» **Task statement**
Would you please write out each of the entries below exactly, omitting pictures?

» **Study material**
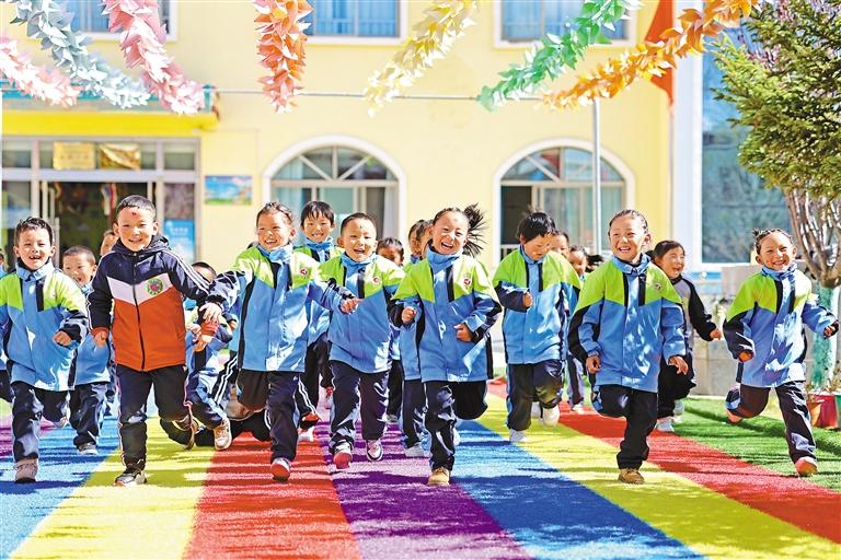 山南市瓊結縣雙語幼兒園兒童在園內嬉戲。
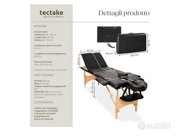 Lettino Massaggio 3 zone, Pieghevole, Portatile, Rivestimento Vinile Idrorepellente, Lettino con Poggiatesta Rimovibile, Comodi Braccioli, Borsa per Trasporto Inclusa - Nero Cellulare 3423929089
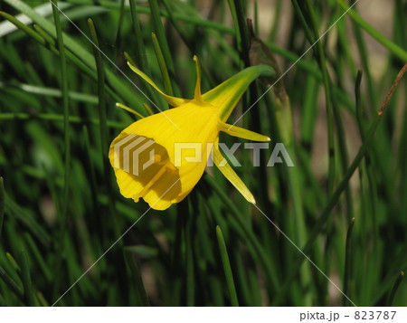 春の庭に咲く黄色い原種のペチコートスイセン(ナルシサス・バルボコディウム)の花
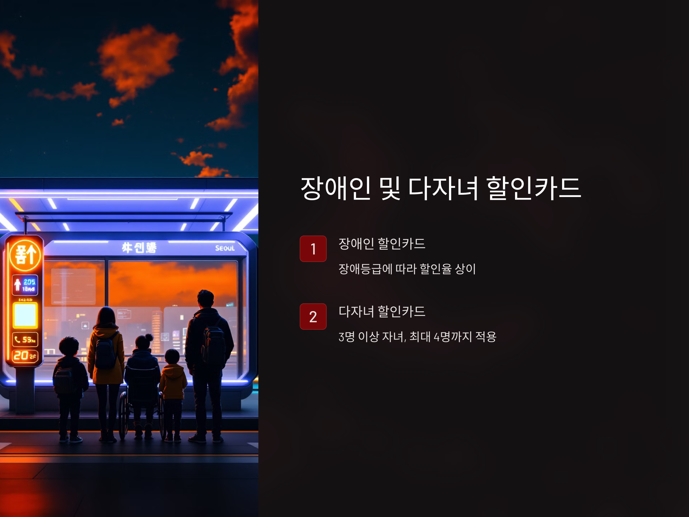 장애인 할인카드는 장애인 본인에게 제공되는 대중교통 할인 혜택입니다. 이 카드를 소지한 장애인은 버스와 지하철을 포함한 다양한 교통수단에서 할인 혜택을 받을 수 있습니다. 장애인 할인카드는 각 시청, 구청, 주민센터 등에서 발급받을 수 있으며, 장애등급에 따라 할인율이 다를 수 있습니다.
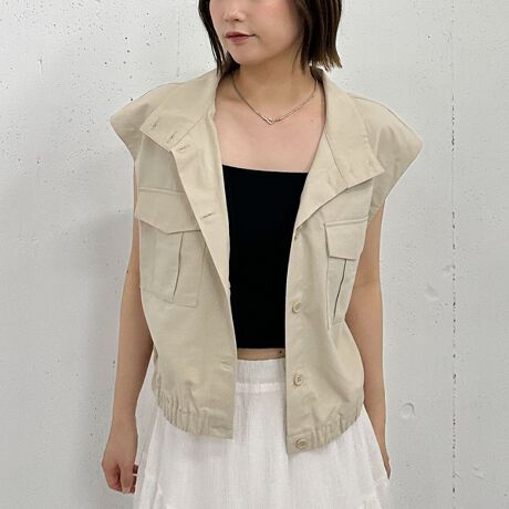 夏のレイヤードスタイルに取り入れやすい綿100%のミリタリーベスト。
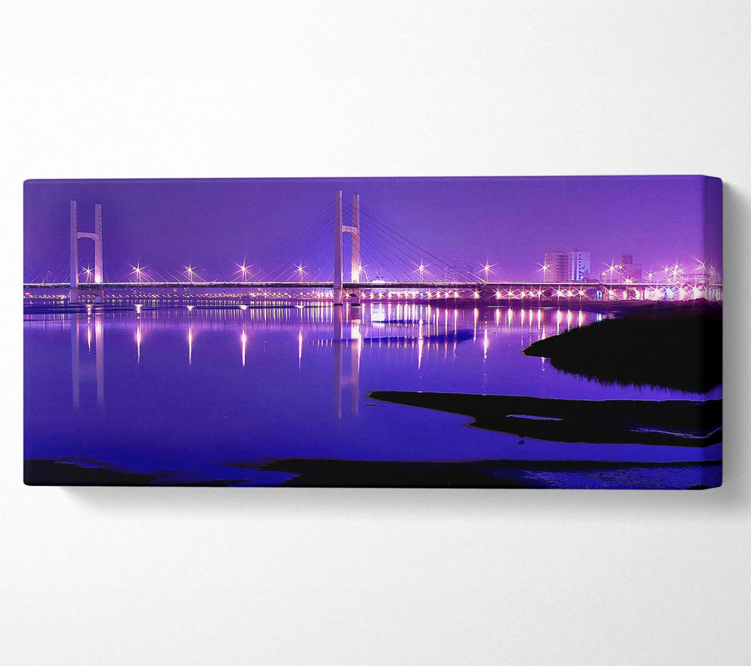 Picture of Purple Night Shoreline Panoramic Canvas Wall Art

» **Reply to the exercise**
 山南市瓊結縣雙語幼兒園兒童在園內嬉戲。
 Lettino Massaggio 3 zone, Pieghevole, Portatile, Rivestimento Vinile Idrorepellente, Lettino con Poggiatesta Rimovibile, Comodi Braccioli, Borsa per Trasporto Inclusa - Nero Cellulare 3423929089
 春の庭に咲く黄色い原種のペチコートスイセン(ナルシサス・バルボコディウム)の花
 장애인 할인카드는 장애인 본인에게 제공되는 대중교통 할인 혜택입니다. 이 카드를 소지한 장애인은 버스와 지하철을 포함한 다양한 교통수단에서 할인 혜택을 받을 수 있습니다. 장애인 할인카드는 각 시청, 구청, 주민센터 등에서 발급받을 수 있으며, 장애등급에 따라 할인율이 다를 수 있습니다.
 夏のレイヤードスタイルに取り入れやすい綿100%のミリタリーベスト。
 Picture of Purple Night Shoreline Panoramic Canvas Wall Art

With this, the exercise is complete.